Transcribe every line below exactly; no image goes into the output.

DATA BLOCK:
•••

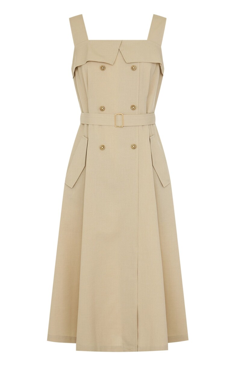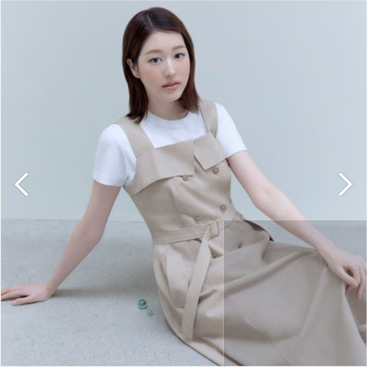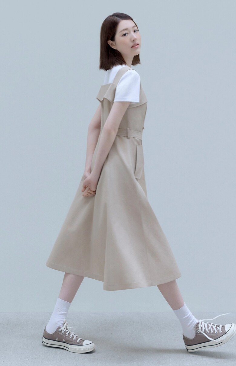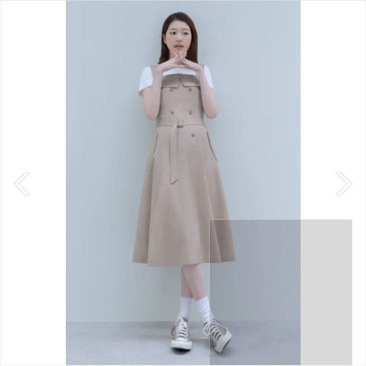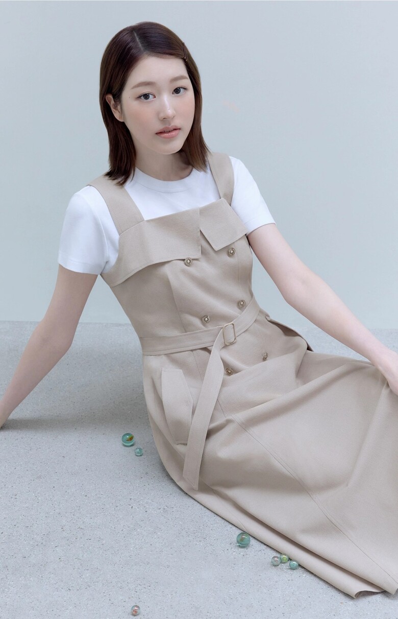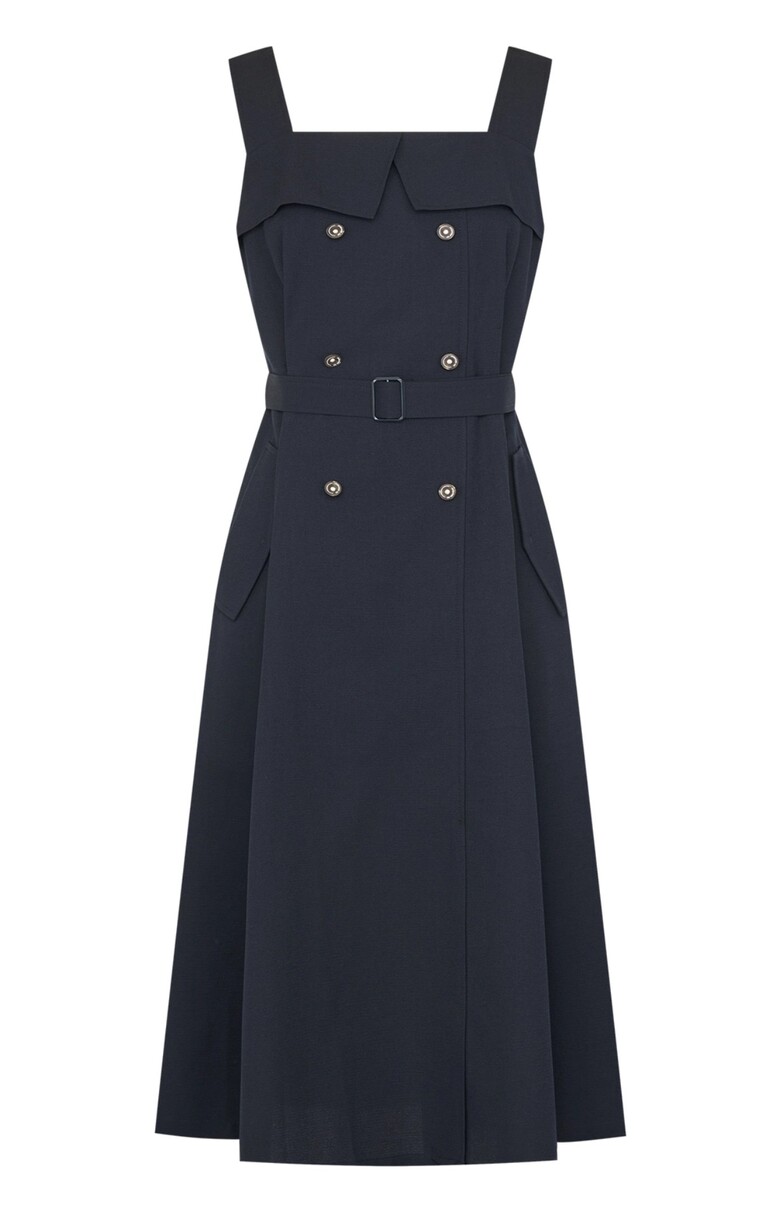 더블버튼 장식이 돋보이는 롱한 기장감의 원피스입니다.
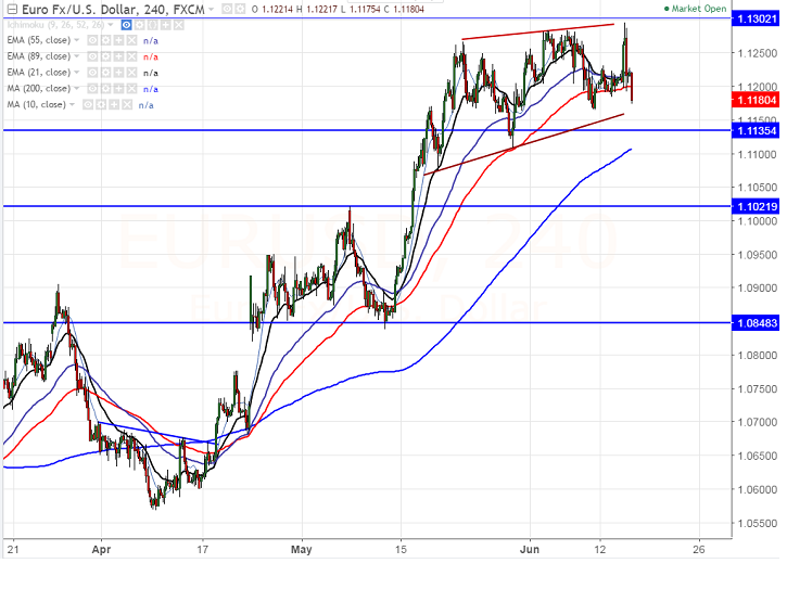 - EUR/USD declined form the high of 1.12957 yesterday after slightly hawkish tone of Fed. The pair hits the low of 1.11930 yesterday and closed at 1.11828.
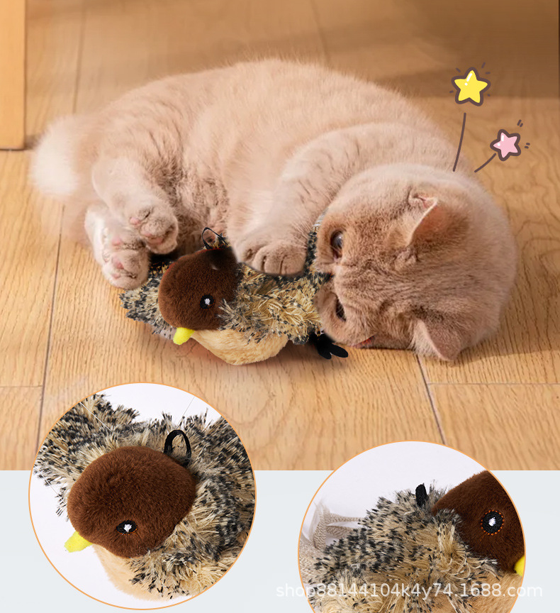 고양이를 위한 시뮬레이션 플러시 소리나는 장난감, 사실적인 고양이 유혹 및 지루함 해소용, 자가 즐거움을 주는 참새 시뮬레이션 소리 장난감스토어 가기

•••

RESPONSE BOX:
 더블버튼 장식이 돋보이는 롱한 기장감의 원피스입니다.
 - EUR/USD declined form the high of 1.12957 yesterday after slightly hawkish tone of Fed. The pair hits the low of 1.11930 yesterday and closed at 1.11828.
 고양이를 위한 시뮬레이션 플러시 소리나는 장난감, 사실적인 고양이 유혹 및 지루함 해소용, 자가 즐거움을 주는 참새 시뮬레이션 소리 장난감스토어 가기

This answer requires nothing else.